Но щелка становилась все больше, и из нее лился недобрый лиловый свет. А потом в комнату начало забираться что-то – длинное, черное, со вздыбленной шерстью. Когти драли ковер на полосы. Рокот дождя тонул в низком рычании. Ника не могла закричать. Никогда не могла. Кто-то крал у нее голос. Всегда крал.

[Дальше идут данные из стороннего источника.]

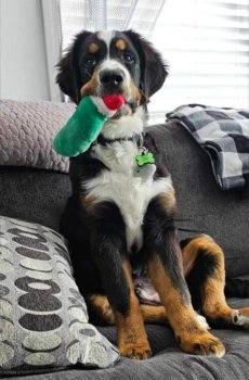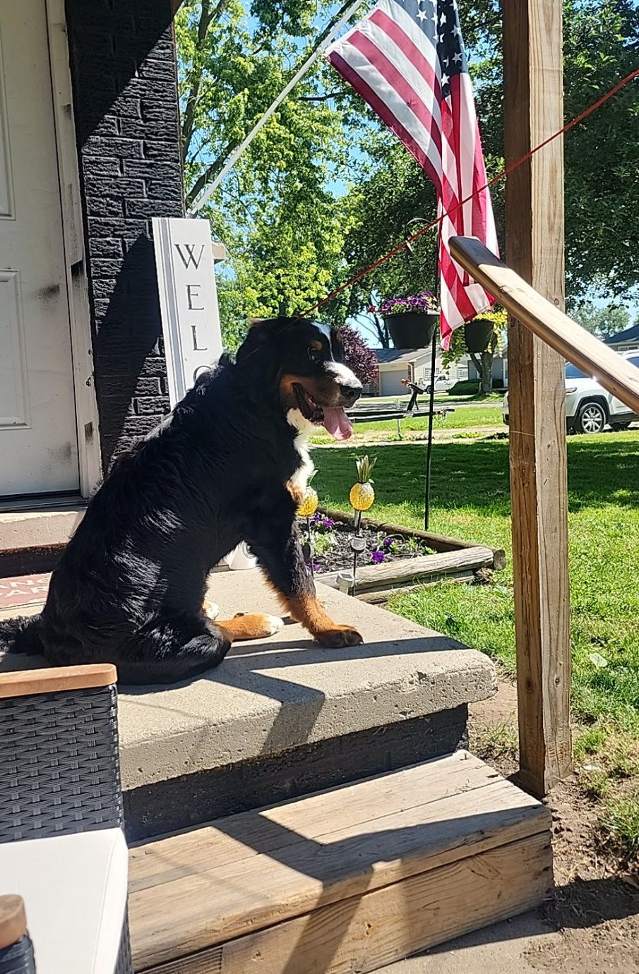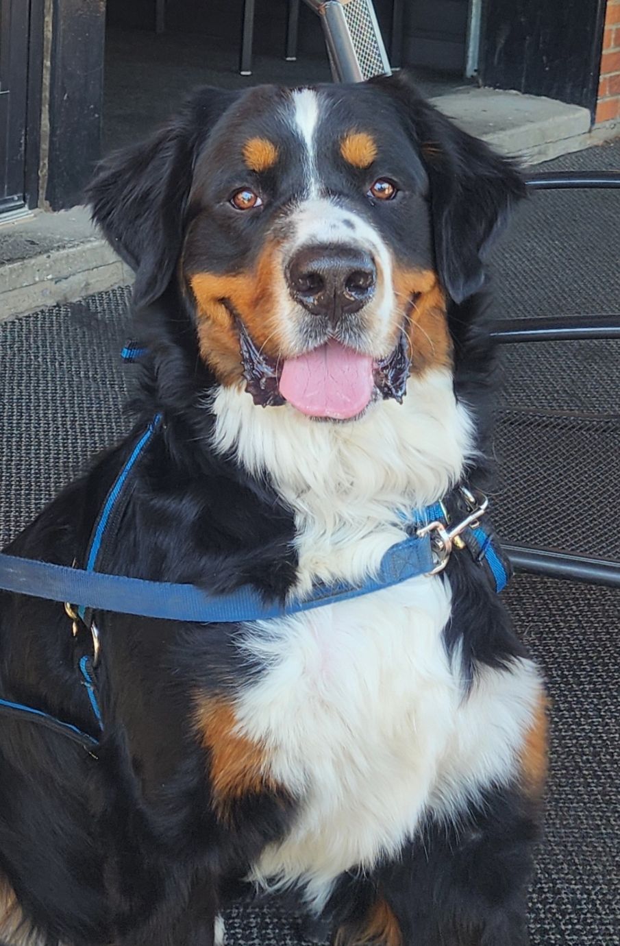 In Harrison township he has been featured in the local magazine and being it’s a smaller town, he is locally known. Neighbors love him and he has other dog friends in the neighborhood. He loves to be outside in the cold weather. He likes to race cars, or chase them down. He weighs about 120 pounds. He is just over two now, and has recently really filled out to be a big guy.

Постепенно существо, похожее на облезлого пса, меняло облик: выпрямлялось, вставало на две ноги. И вот это уже человек или что-то вроде: улыбается, наклоняется над кроватью – глаза вареные, кожа серая. С волос капает: вода и что-то красное, липкое.

Здр-равствуй…

Рот растянулся, пахнуло гнилым мясом. И у Ники прорезался голос:

– ААААААААААААААААААА!

Я видела тучу фильмов разной степени ужасности, ну где ребенка преследует монстр из шкафа, из-под кровати. С тучей разных концовок, где ребенок эту тварь побеждает, и где его сжирают, и где сжирают заодно его семью. Я таким засматривалась, и потому папа, когда я заорала ночью впервые, мне не поверил. Даже стал стыдить, типа: «Большая, в школу скоро, а ведешь себя как трехлетка». Я не осуждаю, сама бы офигела. И надо отдать ему должное, пару раз он даже влетал в комнату с табельным оружием (ха, надеюсь, не меня думал пристрелить). Но дверца шкафа всегда захлопывалась одновременно с тем, как распахивалась дверь в комнату. Ковер был цел.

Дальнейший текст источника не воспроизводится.